• **YOUR OBJECTIVE**
Once the line with "Рисунок 2 –" is found in the entries below, repeat it and each following line exactly, up to and including the line with "Пломбировка установок поверочных". Add no other lines.

• **SUPPLIED ENTRIES**
────────

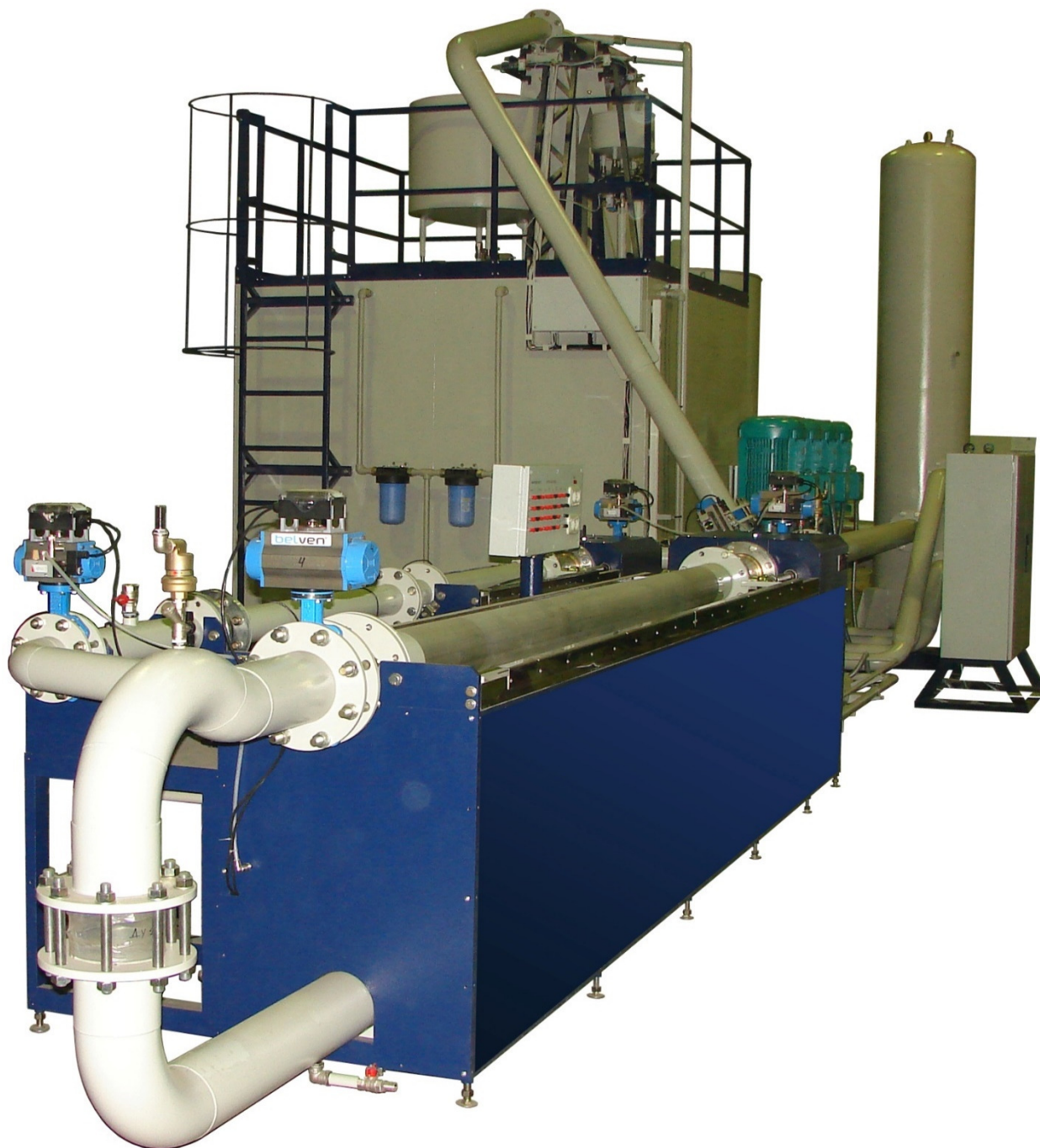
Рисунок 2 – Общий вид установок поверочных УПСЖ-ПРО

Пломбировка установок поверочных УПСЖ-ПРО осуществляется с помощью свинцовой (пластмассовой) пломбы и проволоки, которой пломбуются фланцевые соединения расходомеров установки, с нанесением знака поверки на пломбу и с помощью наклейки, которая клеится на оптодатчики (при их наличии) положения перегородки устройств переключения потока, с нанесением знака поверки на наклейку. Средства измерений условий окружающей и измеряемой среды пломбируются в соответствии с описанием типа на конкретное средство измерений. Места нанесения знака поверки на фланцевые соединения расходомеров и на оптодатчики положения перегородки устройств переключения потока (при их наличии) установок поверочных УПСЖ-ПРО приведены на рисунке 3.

────────

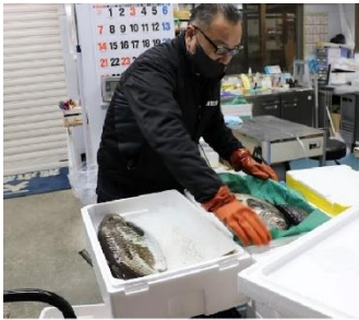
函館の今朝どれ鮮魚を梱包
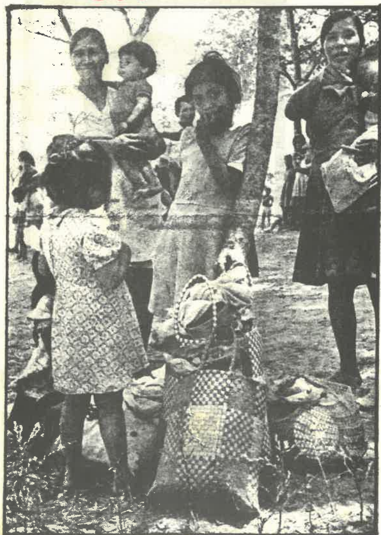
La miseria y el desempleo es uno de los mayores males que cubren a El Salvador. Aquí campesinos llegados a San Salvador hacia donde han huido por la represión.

────────

• **RESPONSE**
Рисунок 2 – Общий вид установок поверочных УПСЖ-ПРО

Пломбировка установок поверочных УПСЖ-ПРО осуществляется с помощью свинцовой (пластмассовой) пломбы и проволоки, которой пломбуются фланцевые соединения расходомеров установки, с нанесением знака поверки на пломбу и с помощью наклейки, которая клеится на оптодатчики (при их наличии) положения перегородки устройств переключения потока, с нанесением знака поверки на наклейку. Средства измерений условий окружающей и измеряемой среды пломбируются в соответствии с описанием типа на конкретное средство измерений. Места нанесения знака поверки на фланцевые соединения расходомеров и на оптодатчики положения перегородки устройств переключения потока (при их наличии) установок поверочных УПСЖ-ПРО приведены на рисунке 3.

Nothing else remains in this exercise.